Adding perspectives to PowerPoint is a big expansion of the service: it already covers more topics than the Bing results (which were originally handwritten, based on surveys of what comparisons made sense to people). It will also cover different geographies: if you’re in Europe, PowerPoint will suggest countries there rather than US states for size comparisons (which Bing still doesn’t do); it will also use the local currency, and kilometres if that’s the local standard. However, it’s only available in English to start with.
Both perspectives and custom template support are available in PowerPoint on Windows, Mac and via PowerPoint Online, as long as you have an Office 365 subscription. As usual, they’ll come to the Office Insider builds first and Designer for branded templates is already in the insider ring for Windows and Mac subscribers. Presenter Coach, however, will start out in PowerPoint Online later this summer (so sometime before September), “as a way of iterating on it and giving feedback,” according to Derek Johnson, who runs the PowerPoint AI team. That means you’ll need to save your slides into OneDrive, SharePoint Online, Dropbox or another location that PowerPoint Online can access to use it.
The coaching tool will be available in the Windows and Mac versions of PowerPoint in time, and in the mobile Android and iOS clients too, but you’ll always have to be online to use it, because it’s using Azure Cognitive Services to recognise speech and come up with its suggestions.

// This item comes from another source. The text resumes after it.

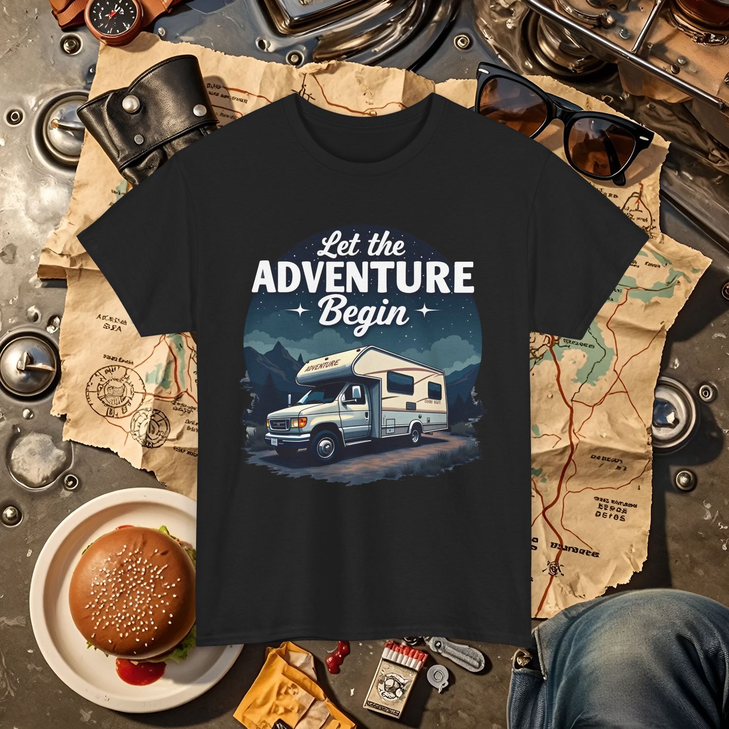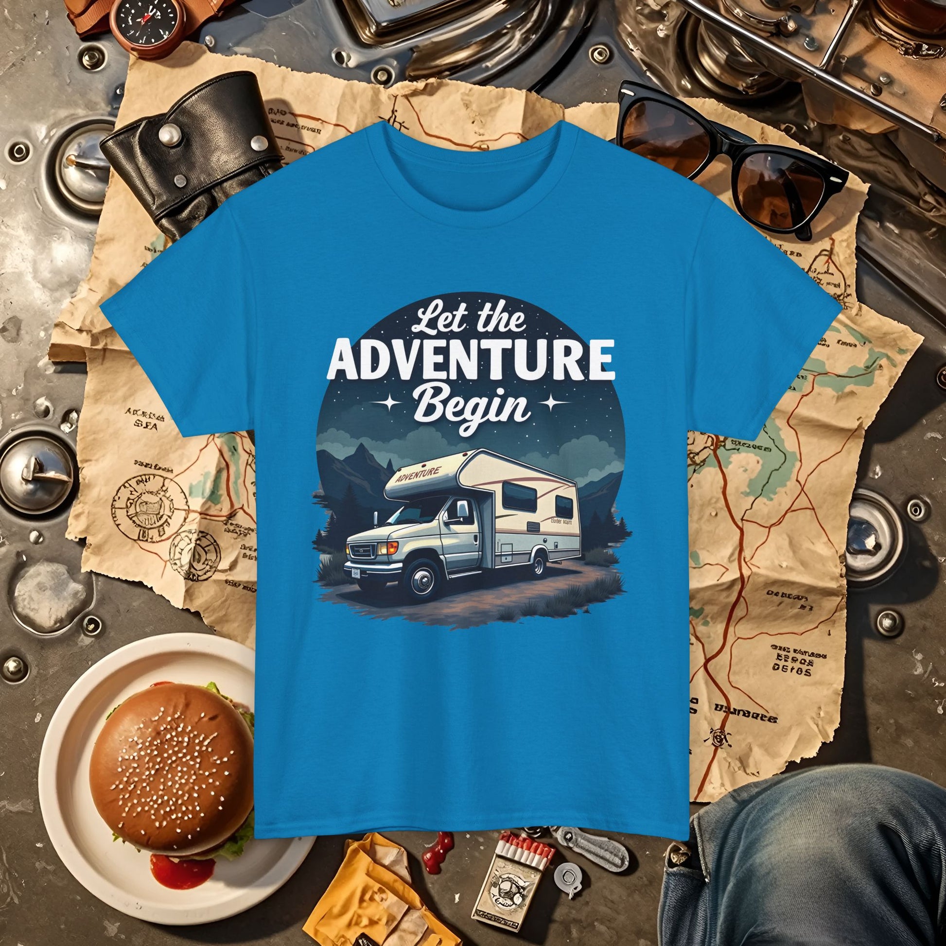 Adventure Awaits Road Trip & Vehicle Travel T-Shirts | Car, RV, and Motorcycle Adventure Tees
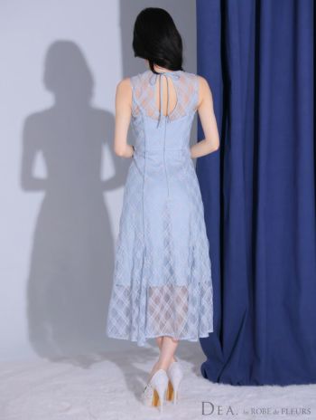 Lあり!涼しげなデザイン★ 【DEA.by ROBE de FLEURS/ディア】シースルー ノースリーブ チェック柄 セクシー Aラインロングドレス (DE3553)

You can’t customise Presenter Coach for your company to start with, but it would certainly be useful to have PowerPoint warn you if you’re using the internal codename for a product rather than the final name, if you’re mentioning a product that’s no longer on sale, talking about a competitor you maybe shouldn’t mention, or discussing sensitive financial information in your company’s quiet period.
Johnson suggested those kind of features might be available in the future. “We have a similar feature called ‘content level protection’ available in Word now, to protect things like social security and credit card numbers,” he pointed out.